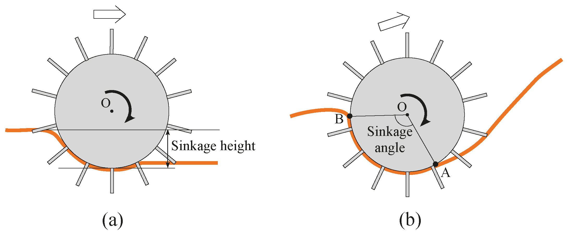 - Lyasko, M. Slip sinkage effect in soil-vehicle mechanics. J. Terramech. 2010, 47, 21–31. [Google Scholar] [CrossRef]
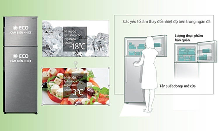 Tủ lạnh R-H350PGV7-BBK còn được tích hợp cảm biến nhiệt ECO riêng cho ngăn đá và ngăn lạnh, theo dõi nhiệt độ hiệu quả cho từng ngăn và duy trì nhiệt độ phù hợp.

* * *

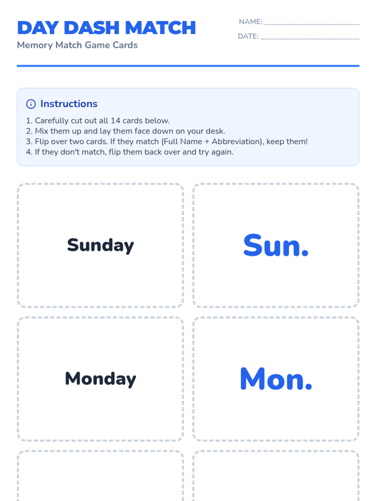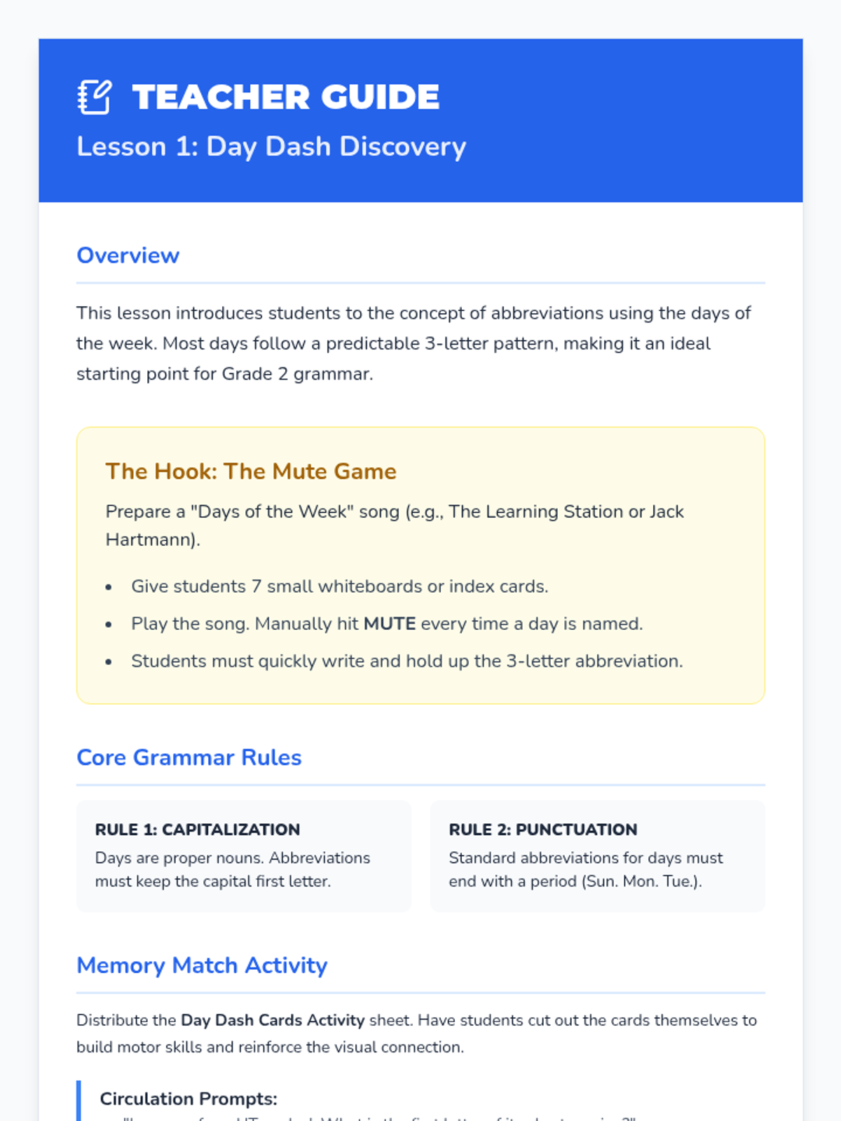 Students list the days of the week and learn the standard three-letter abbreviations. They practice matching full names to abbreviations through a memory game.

→ Problem description:
In the material above, the stretch from the line with "- Lyasko, M." through the line with "Tủ lạnh R-H350PGV7-BBK" is to be given again exactly, minus the pictures.

→ Answer to this exercise:
 - Lyasko, M. Slip sinkage effect in soil-vehicle mechanics. J. Terramech. 2010, 47, 21–31. [Google Scholar] [CrossRef]
 Tủ lạnh R-H350PGV7-BBK còn được tích hợp cảm biến nhiệt ECO riêng cho ngăn đá và ngăn lạnh, theo dõi nhiệt độ hiệu quả cho từng ngăn và duy trì nhiệt độ phù hợp.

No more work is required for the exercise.